We can overall divide the approaches facing the problem of reconstructing flows of model activities given a partial set of information in two groups: quantitative and qualitative. The former rely on the availability of a probabilistic model of execution and knowledge. For example, in [14], the authors exploit stochastic PNs and Bayesian Networks to recover missing information (activities and their durations). The latter stand on the idea of describing “possible outcomes” regardless of likelihood; hence, knowledge about the world will consist of equally likely “alternative worlds” given the available observations in time, as in this work. For example, in [3] the same issue of reconstructing missing information has been tackled by reformulating it in terms of a Satisfiability(SAT) problem rather than as a planning problem.

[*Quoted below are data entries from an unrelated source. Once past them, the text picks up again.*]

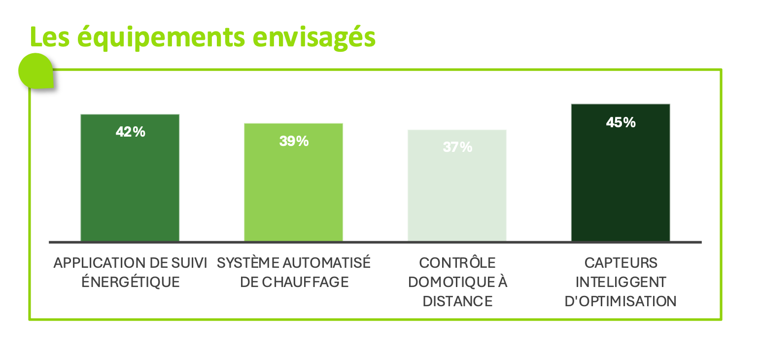 Intention d’équipement des ménages pour quatre dispositifs liés à la gestion de l’énergie. Le graphique présente les dispositifs que les ménages envisagent d’acquérir : Capteurs intelligents d’optimisation : 45 % Application de suivi énergétique : 42 % Système automatisé de chauffage : 39 % Contrôle domotique à distance : 37 % Tous les équipements sont envisagés par une proportion importante de répondants, avec une préférence pour les capteurs intelligents.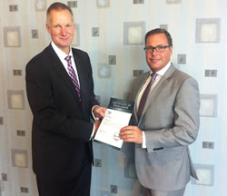 Photo: David Westwood (left) is pictured presenting John May with his IDIS Certified Engineer Certificate.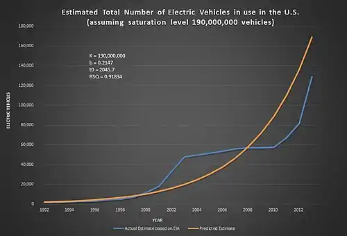 The growth experienced in the past two years seems to beat any previous trends, and technology and early success of Tesla Motors has something to do with that. There are still many hurtles to be cleared before the electric vehicle achieves widespread adoption, but the future is more promising than it has ever been. If a car company can make an affordable 200 mile range car that charges in about as much time as a gas tank, chances are very strong for full scale implementation. Based on a best curve fit (S-curve) on data relied upon by the EIA, and an assumption that all 250 million cars will be converted or replaced by electric, 2047 will be the year in which 50% of the market has been replaced.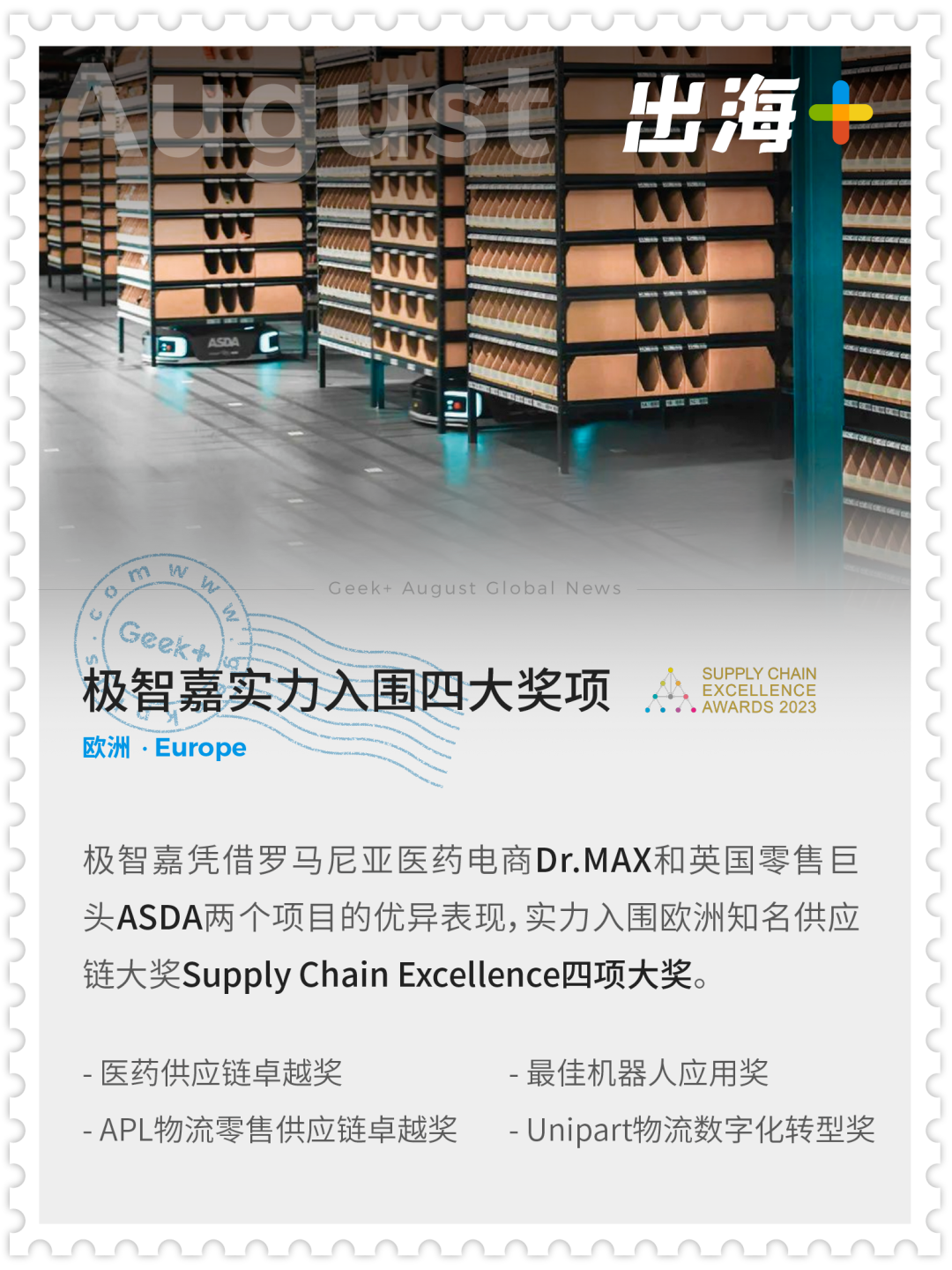 憑借著與羅馬尼亞醫(yī)藥電商Dr.MAX和英國零售巨頭ASDA合作標桿項目出色的落地價值,極智嘉入選2023 Supply Chain Excellence四項大獎。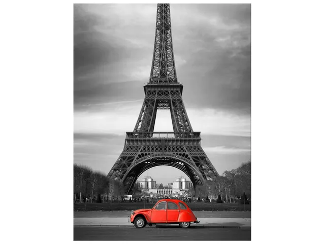 1116A_1K Obraz na plátne Červené auto pred Eiffelovkou |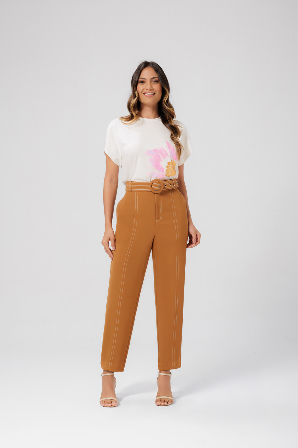 T-shirt em viscose e elastano, possui mangas evas? e aplica??o de estampa exclusiva localizada em silk.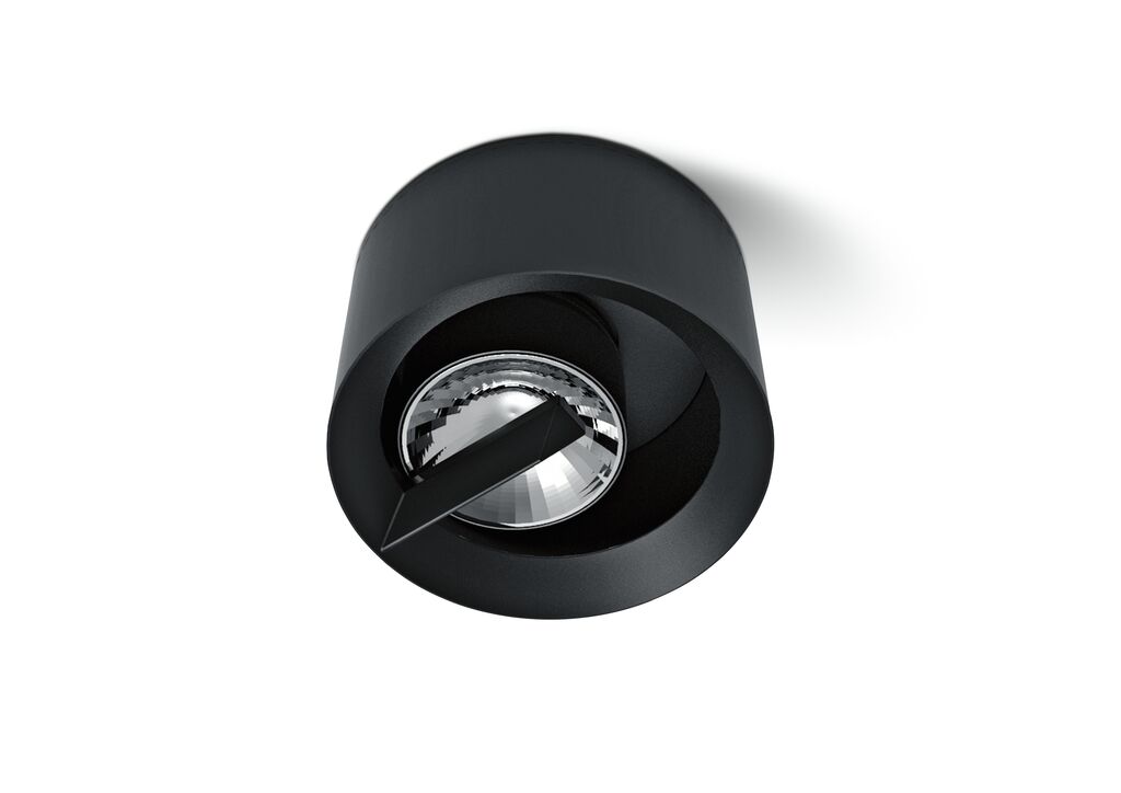 Inspired by a solar eclipse, the light source of this downlight is discreetly hidden and thus creates a glare-free, indirect illumination. The LED is located in the static blade of the body, and is collimated by the upper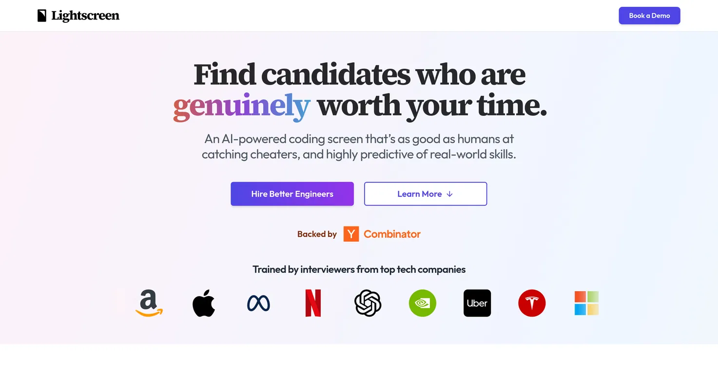 Lightscreen также оснащен функциями, препятствующими мошенничеству. Инструмент использует современный искусственный интеллект для выявления признаков мошенничества, включая поведенческие модели, связанные с нечестными действиями, что гарантирует наличие у кандидатов подлинных навыков.

Planning techniques have already been used in the context of business processes, e.g., for the construction and adaptation of autonomous process models [13]. In [4] automated planning techniques have been applied for aligning execution traces and declarative models. As in this work, in [6], planning techniques have been used for addressing the problem of incomplete execution traces with respect to procedural models.

However, differently from the two approaches above, this work uses for the first time planning techniques to target the problem of completing incomplete execution traces with respect to a procedural model that also takes into account data and the value they can assume.

Despite this work mainly focuses on the problem of trace completion, the proposed automated planning approach can easily exploit reachability for model satisfiability and trace compliance and furthermore can be easily extended also for aligning data-aware procedural models and execution traces. Moreover, the presented encoding in the planning language \(\mathcal {K}\), can be directly adapted to other action languages with an expressiveness comparable to \(\mathcal {C}\) [12]. In the future, we would like to explore these extensions and implement the proposed approach and its variants in a prototype.